ASSIGNMENT ->
The result should be an exact copy of the data, free of pictures.

*** DATA ***

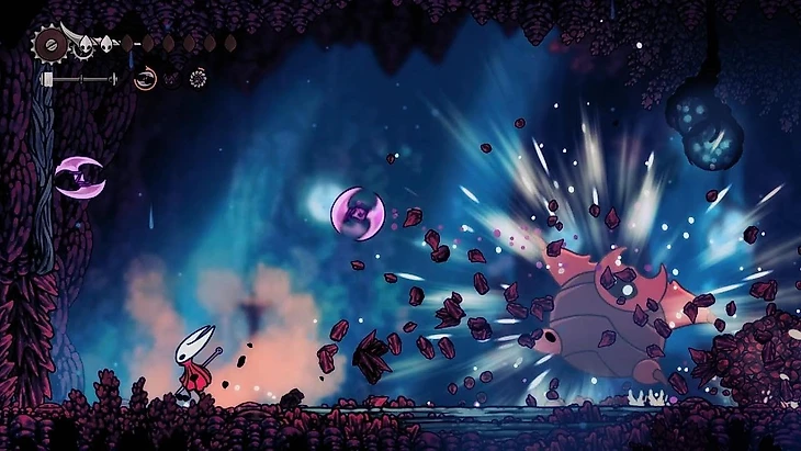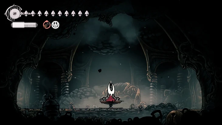 Поскольку Коралловая Башня в «Силксонге» существует как воспоминание, смерть или добровольный выход возвращают вас обратно к телу короля в Песках Карака. Потраченные ресурсы и инструменты восстанавливаются, так что можно пробовать снова без страха потерять прогресс.
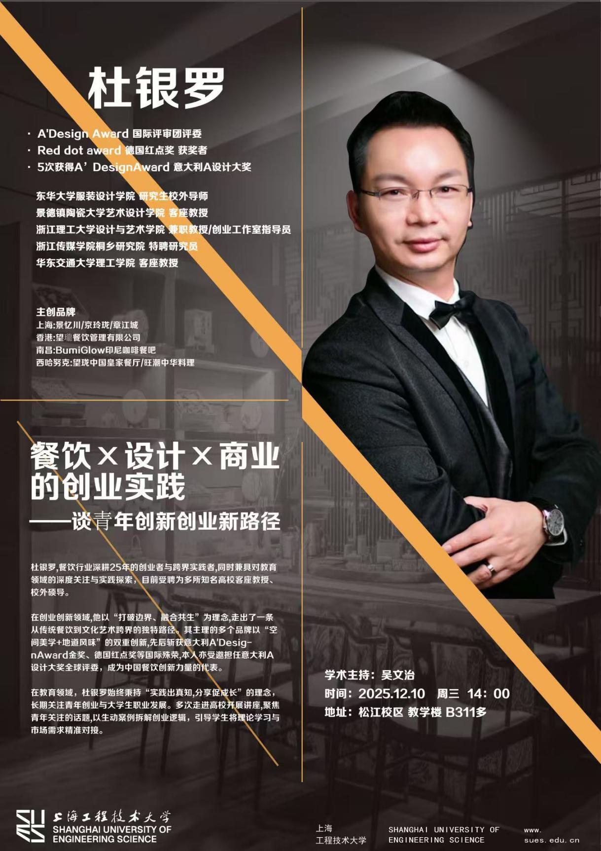 2025年12月10日,资深餐饮创业者、国际设计奖评委杜银罗走进上海工程技术大学校园,以“餐饮×设计×商业的创业实践——谈青年创新创业新路径”为题,为青年学子带来一场关于创新创业的深度分享。讲座中,他结合自身20年从业经历与多个品牌创立实践,系统阐述餐饮行业在当代的机遇与挑战,并为大学生指出可行的创业方向。
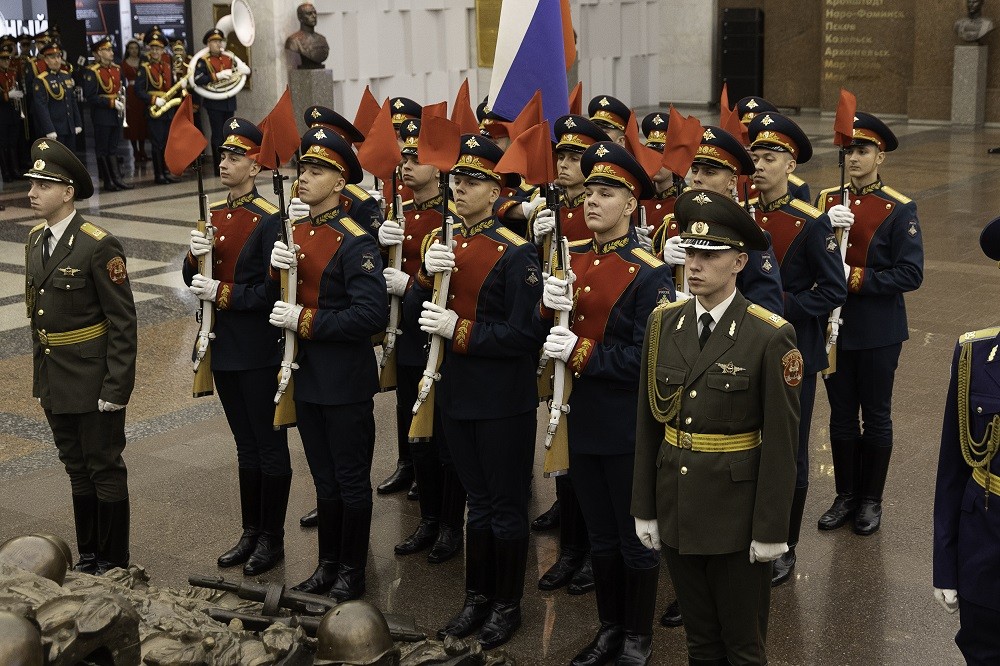 Завершилось мероприятие показательными выступлениями роты почетного караула и образцового военного оркестра в Зале Полководцев Музея Победы.
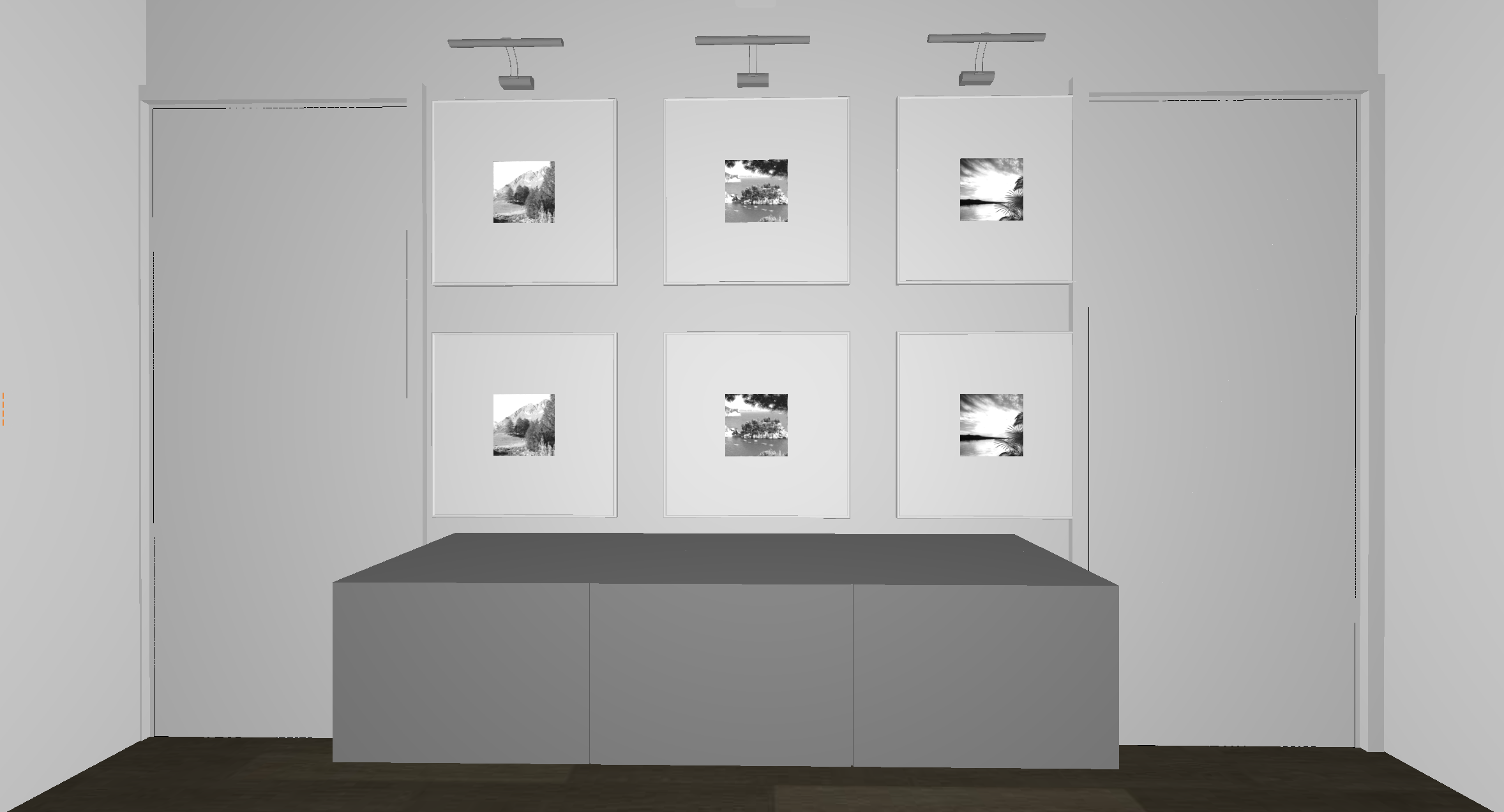 the low cabinet is chrome turn on the wall lights above the frames and add more realism to the render

*** End of DATA ***

WRITTEN RESPONSE ->
 Поскольку Коралловая Башня в «Силксонге» существует как воспоминание, смерть или добровольный выход возвращают вас обратно к телу короля в Песках Карака. Потраченные ресурсы и инструменты восстанавливаются, так что можно пробовать снова без страха потерять прогресс.
 2025年12月10日,资深餐饮创业者、国际设计奖评委杜银罗走进上海工程技术大学校园,以“餐饮×设计×商业的创业实践——谈青年创新创业新路径”为题,为青年学子带来一场关于创新创业的深度分享。讲座中,他结合自身20年从业经历与多个品牌创立实践,系统阐述餐饮行业在当代的机遇与挑战,并为大学生指出可行的创业方向。
 Завершилось мероприятие показательными выступлениями роты почетного караула и образцового военного оркестра в Зале Полководцев Музея Победы.
 the low cabinet is chrome turn on the wall lights above the frames and add more realism to the render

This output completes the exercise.